[Stored data]
========================================================================
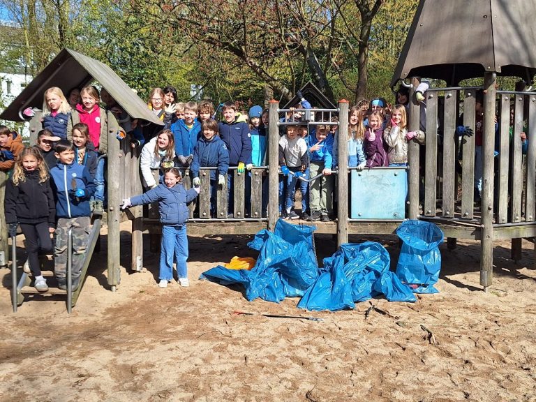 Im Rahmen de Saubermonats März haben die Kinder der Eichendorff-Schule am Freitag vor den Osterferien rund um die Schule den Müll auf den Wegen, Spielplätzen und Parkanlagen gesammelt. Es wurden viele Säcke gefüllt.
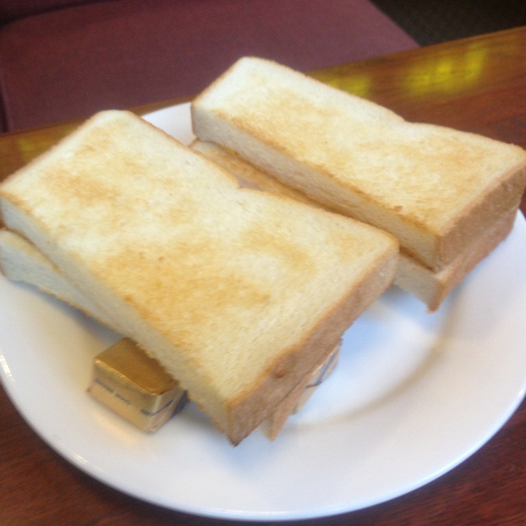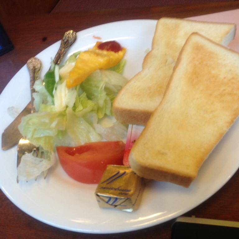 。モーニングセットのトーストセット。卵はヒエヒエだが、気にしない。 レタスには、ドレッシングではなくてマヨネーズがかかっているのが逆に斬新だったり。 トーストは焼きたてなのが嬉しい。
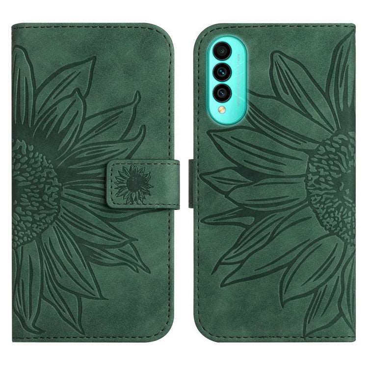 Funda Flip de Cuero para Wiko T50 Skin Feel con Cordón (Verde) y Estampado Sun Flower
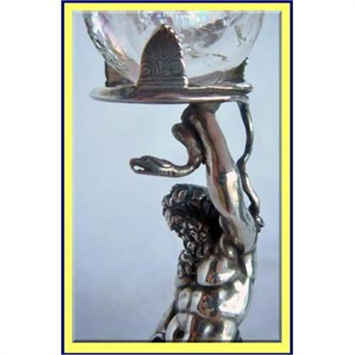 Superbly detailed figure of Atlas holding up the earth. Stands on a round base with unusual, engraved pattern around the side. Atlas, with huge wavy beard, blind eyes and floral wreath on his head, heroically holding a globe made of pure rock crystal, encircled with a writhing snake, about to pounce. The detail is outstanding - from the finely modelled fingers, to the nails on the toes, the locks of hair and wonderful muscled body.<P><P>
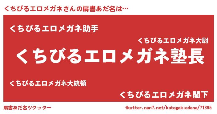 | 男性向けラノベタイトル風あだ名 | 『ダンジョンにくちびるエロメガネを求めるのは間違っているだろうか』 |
========================================================================
→ WORK TASK: Pictures excluded, set down all the entries exactly.

→ ANSWER TO THIS PROBLEM:
 Im Rahmen de Saubermonats März haben die Kinder der Eichendorff-Schule am Freitag vor den Osterferien rund um die Schule den Müll auf den Wegen, Spielplätzen und Parkanlagen gesammelt. Es wurden viele Säcke gefüllt.
 。モーニングセットのトーストセット。卵はヒエヒエだが、気にしない。 レタスには、ドレッシングではなくてマヨネーズがかかっているのが逆に斬新だったり。 トーストは焼きたてなのが嬉しい。
 Funda Flip de Cuero para Wiko T50 Skin Feel con Cordón (Verde) y Estampado Sun Flower
 Superbly detailed figure of Atlas holding up the earth. Stands on a round base with unusual, engraved pattern around the side. Atlas, with huge wavy beard, blind eyes and floral wreath on his head, heroically holding a globe made of pure rock crystal, encircled with a writhing snake, about to pounce. The detail is outstanding - from the finely modelled fingers, to the nails on the toes, the locks of hair and wonderful muscled body.<P><P>
 | 男性向けラノベタイトル風あだ名 | 『ダンジョンにくちびるエロメガネを求めるのは間違っているだろうか』 |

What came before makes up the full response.